Op 2 maart 2021 heeft de Rechtbank Zeeland-West-Brabant uitspraak gedaan in een bestuursrechtelijke zaak tussen het college van burgemeester en wethouders van de gemeente Breda en drie eisers zonder bekende woon- en verblijfplaats. De eisers hebben beroep ingesteld tegen het besluit van 18 juni 2020, waarin hun bezwaar tegen de 'warme overdracht' aan de gemeente Amsterdam niet-ontvankelijk werd verklaard. De rechtbank heeft op 28 januari 2021 een zitting gehouden, waar eiseres is verschenen met haar gemachtigde, mr. L. Veenman, en het college vertegenwoordigd was door een onbekende vertegenwoordiger.

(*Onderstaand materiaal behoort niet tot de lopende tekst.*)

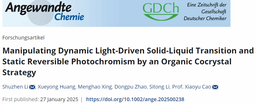 近日,我校化學(xué)化工學(xué)院青年教師李樹珍博士在國際頂級學(xué)術(shù)期刊《Angewandte Chemie International Edition》(影響因子IF = 16.1)發(fā)表題為 “Manipulating Dynamic Light-Driven Solid-Liquid Transition and Static Reversible Photochromism by an Organic Cocrystal Strategy” (DOI: 10.1002/anie.202500238)的研究性論文。李樹珍博士為該論文的第一作者,碩士研究生黃雪勇為第二作者,其博士后合作導(dǎo)師曹曉雨教授為通訊作者,河南工業(yè)大學(xué)為唯一署名和通訊單位。

De rechtbank heeft vastgesteld dat de eisers aanvoeren dat het college niet heeft verduidelijkt waarom de warme overdracht naar Amsterdam een grotere kans van slagen heeft. Tevens stellen zij dat er geen sprake is van een warme overdracht, omdat Amsterdam geen onderzoek heeft uitgevoerd en geen concrete opvang heeft geboden. De rechtbank heeft de vraag te beantwoorden of het college het bezwaar van eisers terecht niet-ontvankelijk heeft verklaard wegens het ontbreken van procesbelang.
De rechtbank oordeelt dat eiseres voldoende procesbelang heeft aangetoond, omdat zij heeft verklaard nog steeds opvang in Breda te wensen. De rechtbank concludeert dat het college te snel heeft gesteld dat er geen procesbelang meer zou zijn en dat het besluit van het college om de bezwaren niet-ontvankelijk te verklaren onjuist is. De rechtbank vernietigt het bestreden besluit en draagt het college op om een nieuwe beslissing op bezwaar te nemen, waarbij de fasen van het Convenant Landelijke Toegankelijkheid Maatschappelijk Opvang gevolgd moeten worden. Tevens wordt het college veroordeeld in de proceskosten van eisers tot een bedrag van € 1.068,- en dient het griffierecht van € 48,- aan eisers te worden vergoed.